The drug and its metabolites are excreted through urine.

Half life of LMWH is approximately 4 hours which is nearly double than that of larger species. Renal insufficiency may prolong its half life.

Dosage:
It is given prophylactically in the dose of 5000 units subcutaneously, two or three times in a day.

For diseases which have already been developed, initially 5000-10,000 units will be given intravenously followed by continuous infusion of 900 units per hour.

Adverse effects:
Enoxaparin causes less thromboembolic problems than heparin.

Some of the adverse effects common to them are:

1. Hemorrhage

2. Hypersensitivity reactions such as fever, chills, urticaria and anaphylactic shock.

3. Chronic administration can decrease antithrombin III activity leading to thrombosis.

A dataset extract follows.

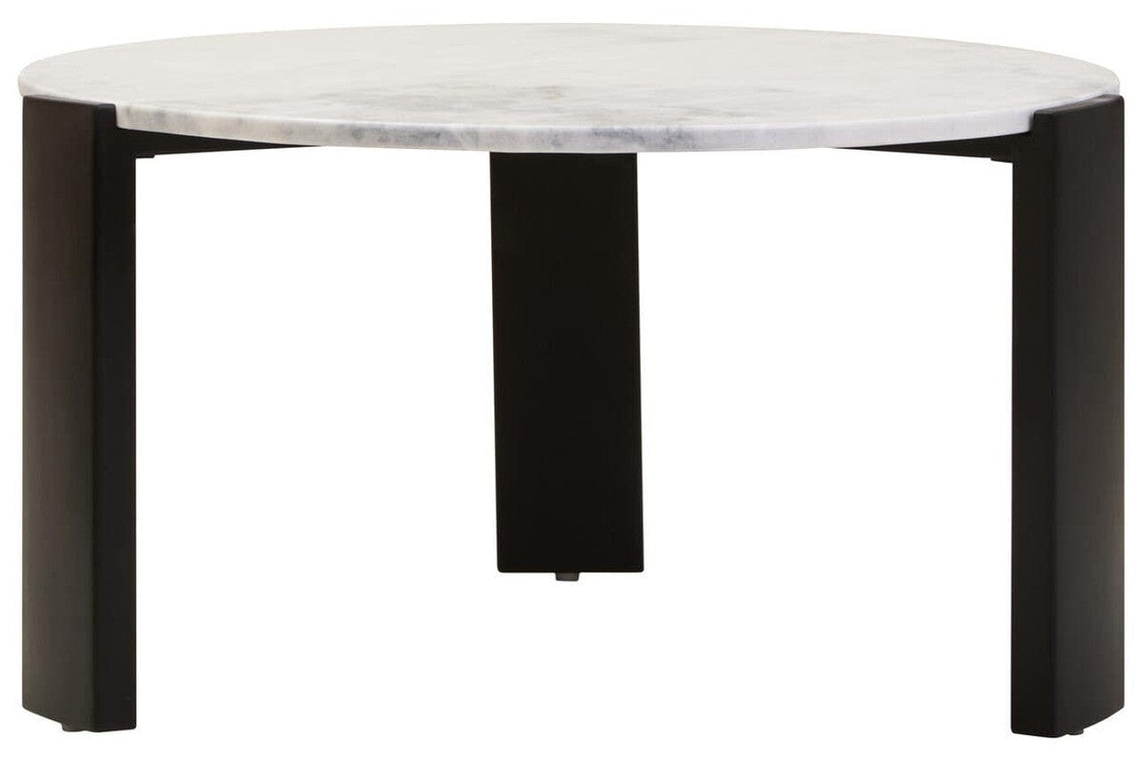 This round coffee table has a white marble top in a smooth finish, offering a touch of luxury to the living room. Crafted from black finish acacia wood, its sturdy legs create a striking and visually appealing design, making this monochromatic coffee table a perfect focal point for modern living rooms.

4. Transient alopecia can also occur.

5. Heparin induced thrombocytopenia (platelet count can decrease up to 50%), which is of two types:

Type-I: which is mild and is for 1st 5 days

Type-II: Which is IgG mediated and is very serious and is with in 5-14 days

Antidote:
Protamine sulfate

Classification of anti-coagulants

These drugs prevent the clotting of the blood.


Oral Anti-coagulants:
Warfarin Na, Phenprocoumon, Dicumarol (Bishydroxycoumarin), Diphenadione, Phenindione, Acenocoumarol, Coumetarol

Thrombin inhibitors:
Heparin, Hirudin, Enoxaparin, Hirugen, Lepirudin, Danaparoid

Fibrinolytic (Thrombolytic) drugs:
Streptokinase (Plasminokinase), Anistreplase, Urokinase, Tissue plasminogen activator, Staphylokinase

Anti-thrombotic drugs:
Aspirin, Dipyridamole, Ticlopidine, Sulfinpyrazone, Clopidogrel, Abciximab, Eptifibatide, Tirofiban

Extra-vascular anti-coagulants:
Fluorides, Citrates, Oxalates

Natural anti-coagulants present in the body

These are of the following types:

1. Those that causes inhibition of fibrin (Fibrin Inhibitors)
These are basically inhibitors of protease. They causes the inhibition of coagulation proteins as they move from the site of vessel injury.

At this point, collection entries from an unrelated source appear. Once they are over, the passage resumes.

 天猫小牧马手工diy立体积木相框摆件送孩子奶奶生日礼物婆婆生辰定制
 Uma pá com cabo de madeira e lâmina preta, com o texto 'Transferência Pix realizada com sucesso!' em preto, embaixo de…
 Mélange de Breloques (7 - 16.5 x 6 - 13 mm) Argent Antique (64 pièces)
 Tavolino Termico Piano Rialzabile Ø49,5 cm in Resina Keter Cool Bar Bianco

2. Those that causes lysis of fibrin (Fibrinolytics)
These are basically tissue plasminogen activators.

Hemostasis

It refers to the spontaneous arrest of the flow of blood from a vessel which is damaged.
Hemostatic response:
Vasospasm:
Vessels become spasmodic suddenly after the vessel is damaged.

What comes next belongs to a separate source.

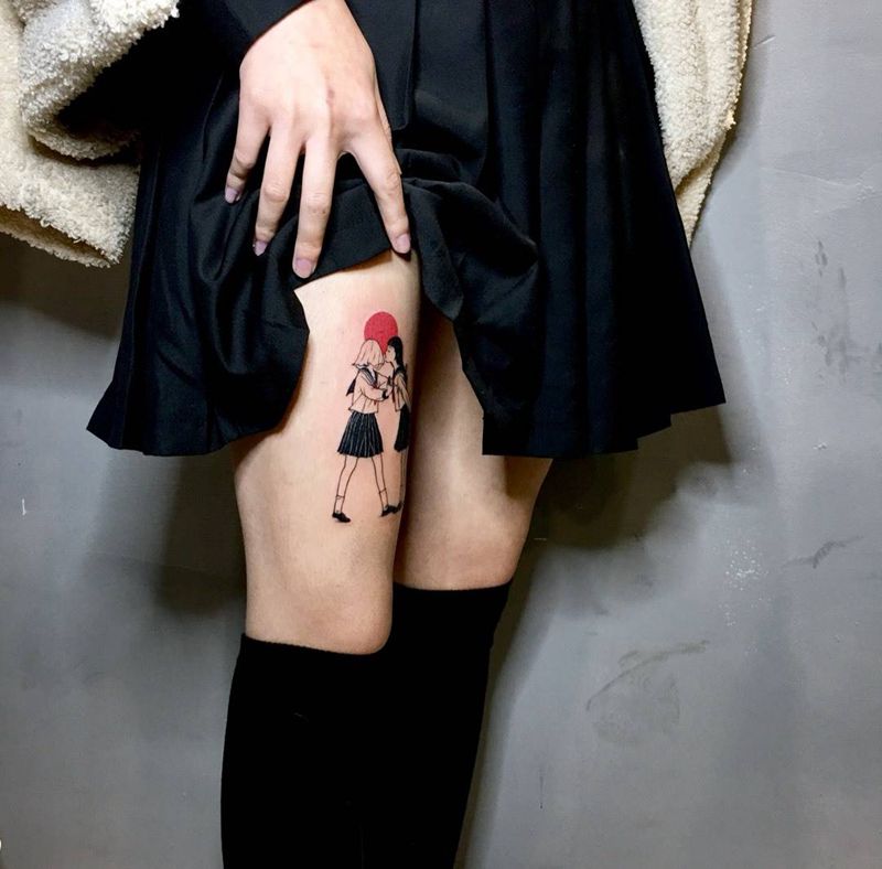 洛丽塔纹身图片_腿部动漫大腿制服纹身图案

Formation of platelet plug:
After the endothelium is damaged the platelets get stick to collagen as well as to each other resulting in the formation of platelet plug.

Several factors are released by platelets such as ADP, TXA2, and serotonin which results in further aggregation of platelets as well as vasoconstriction.

Next in the process, aggregated plug of platelets make it possible for the platelet factor 3 availability leading to the sequence of coagulation process further to take place.

Fibrin reinforcement of platelet plug:
A series of reactions are activated after the stimulation of coagulation system. Coagulation system works through two interrelated processes – Intrinsic and extrinsic processes.

Extrinsic pathway:
Extrinsic denotes something that comes from outside. Extrinsic pathway denotes a series of reactions which is activated by tissue factor that comes from outside of blood.

It activates Factor VII by a tissue factor i.e. thromboplastin

Intrinsic Pathway:
Intrinsic denotes something which is found in body part. In the intrinsic pathway proteins for the activation of the process of blood coagulation are present in the blood.
Intrinsic process activates Factor XII.
Both of these processes mainly activate the formation of thrombin.
And in the final result fibrin molecules are released which are helpful for giving firmness to the platelet plug.